Esta frase como la frase: “Dejad a los muertos que entierren a los muertos” tienen desde el punto de vista de la Iglesia Cristiana del Cuarto Camino significados relacionados pero que no pueden ser comprendidos sin conocer las enseñanzas de esta Iglesia.

La verdad a la cual se refiere Cristo no es nada menos que la que diferencia la muerte de la vida en lo que se refiere al cuerpo físico y al cuerpo astral del hombre. Puede existir una verdad más importante?

Las Iglesias cristiana y católica le dan a estas frases el significado de haber o no recibido la Gracia Bautismal  y el perdón de sus pecados para estar vivos en la fe de Jesucristo. Ello equivale a que los pecadores, los ateos o los incrédulos están muertos  cuando van a un cementerio a enterrar  a sus seres queridos; son muertos espirituales enterrando a muertos físicos. Ademas si alguien muere físicamente  en estado de Gracia, obtiene la vida eterna.

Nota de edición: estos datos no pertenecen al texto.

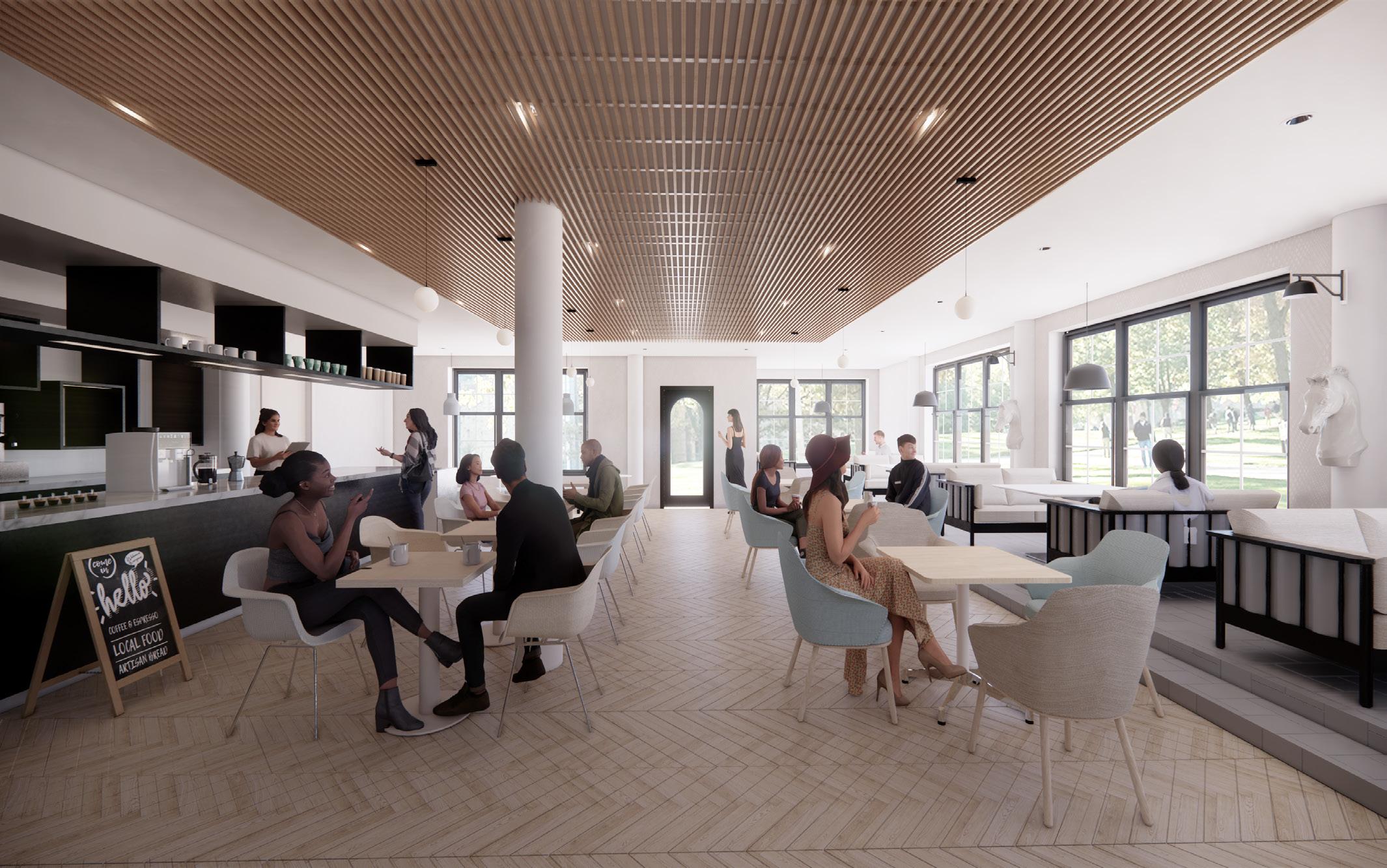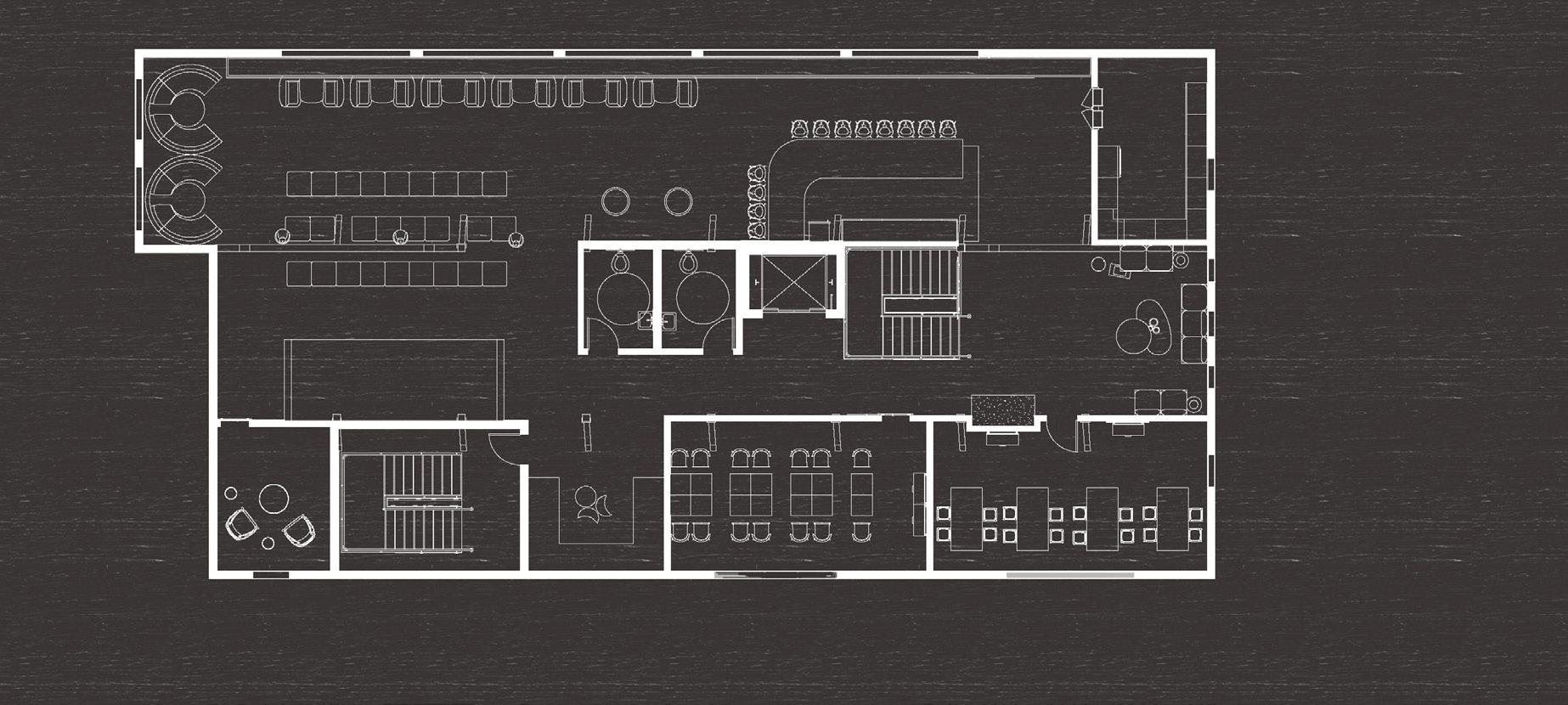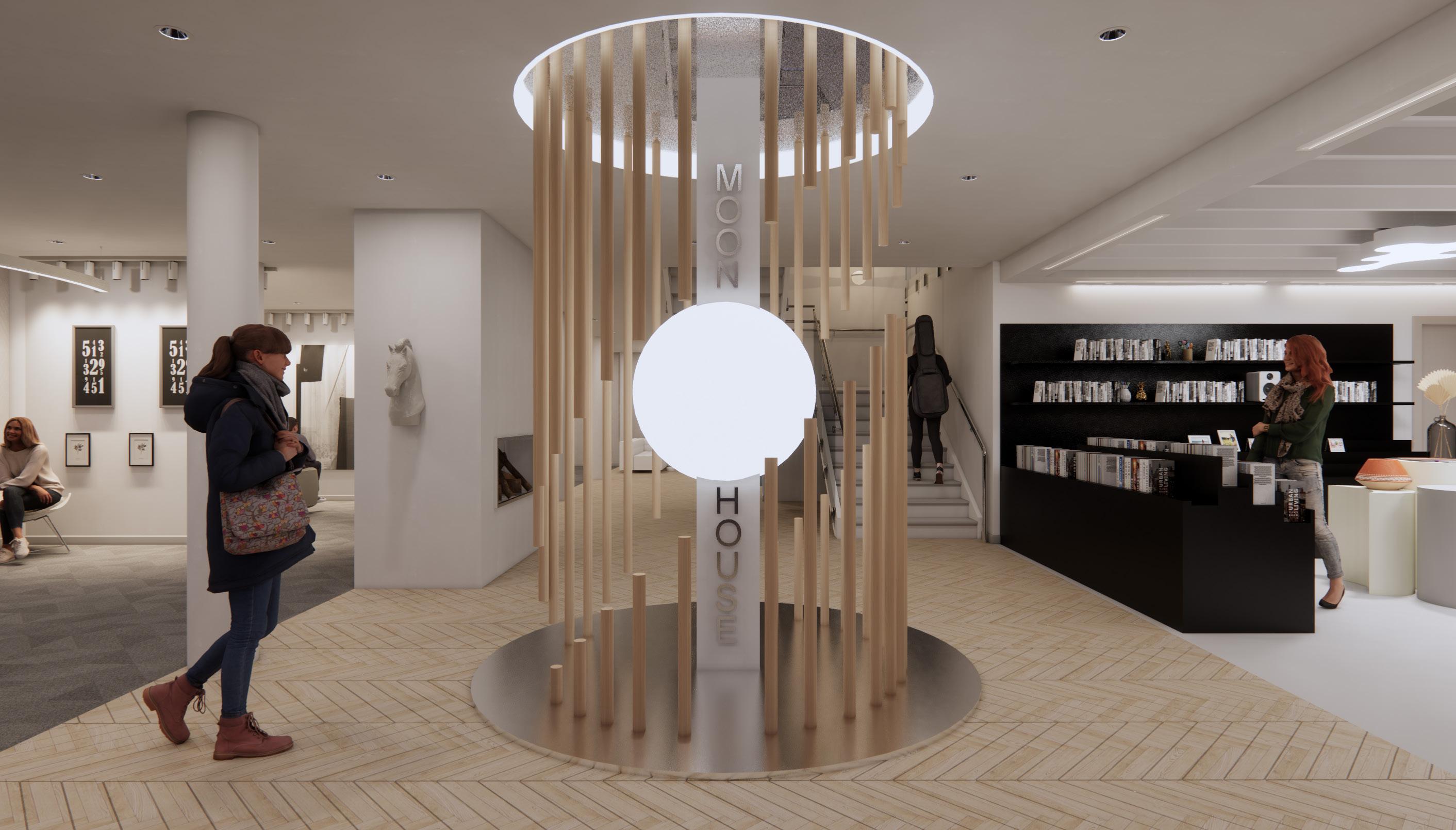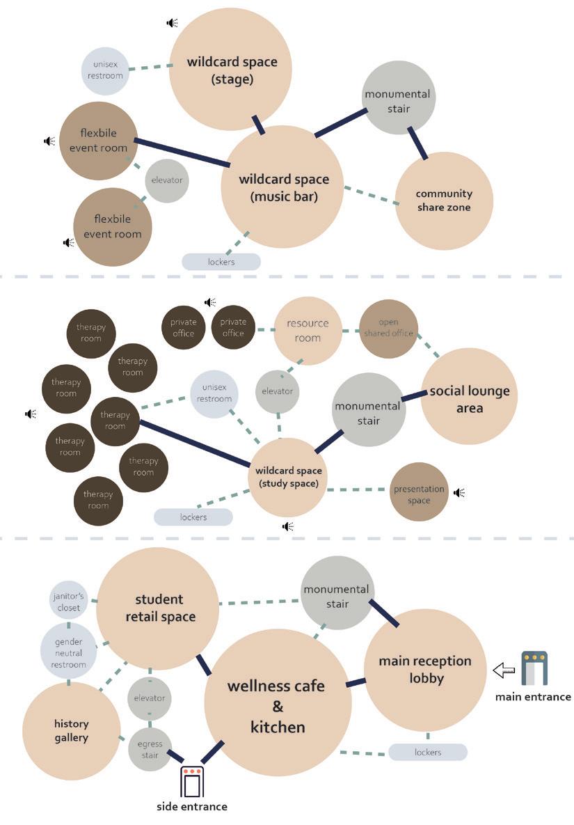 The Moon House boosts a wellness cafe, evening bar, and a special performance area for student activities such as music and comedy. The pet therapy rooms, the wellness cafe, stduent work retail space, and the historical gallery are located on the first two floors, create a intimate, calming and healing atmosphere. As students move up to the third floor, the space becomes more dynamic, engaging, and mysterious. The Moon House bar and the Moon House show encourage students to develop creativity, socialization and contribution to a larger community.

En  el Cuarto Camino tenemos una interpretación diferente de ambas frases:  Creemos en la existencia de tres cuerpos en el ser humano: Espiritual, astral y físico.  Los dos primeros son sutiles e inmortales. En contraste con el último que es denso y mortal.  No obstante el cuerpo astral puede morir para que nazca el Alma.  Cuando Cristo, afirma que es “El camino, la verdad y la vida” y que “quien cree en mi, aunque este muerto,  vivirá” se refiere a la fe consciente necesaria para engendrar el Alma. Esa es la percepción de la consciencia objetiva y la comprensión de la Verdad del Espíritu   necesaria para desarrollar el embrión de Alma.  Cuando esto sucede el antiguo cuerpo astral desaparece y el hombre se libera del ciclo de reencarnaciones que parecía interminable.

Cuando Cristo afirma que “hay que dejar que los muertos entierren a los muertos” en la Iglesia Cristiana del Cuarto Camino creemos conscientemente que se refiere a todos los seres humanos que no han despertado a la posibilidad de lograr la conciencia objetiva de si mismos y de construir su propia Alma. Ellos nacen y mueren físicamente una y otra vez y renacen muertos o dormidos a la vida del Espíritu. El verdadero y último nacimiento es el del  Alma. Ese nacimiento no se relaciona con la Gracia ni con el Bautizo, ni con la redención del Pecado original ni con el perdón de los pecados mortales.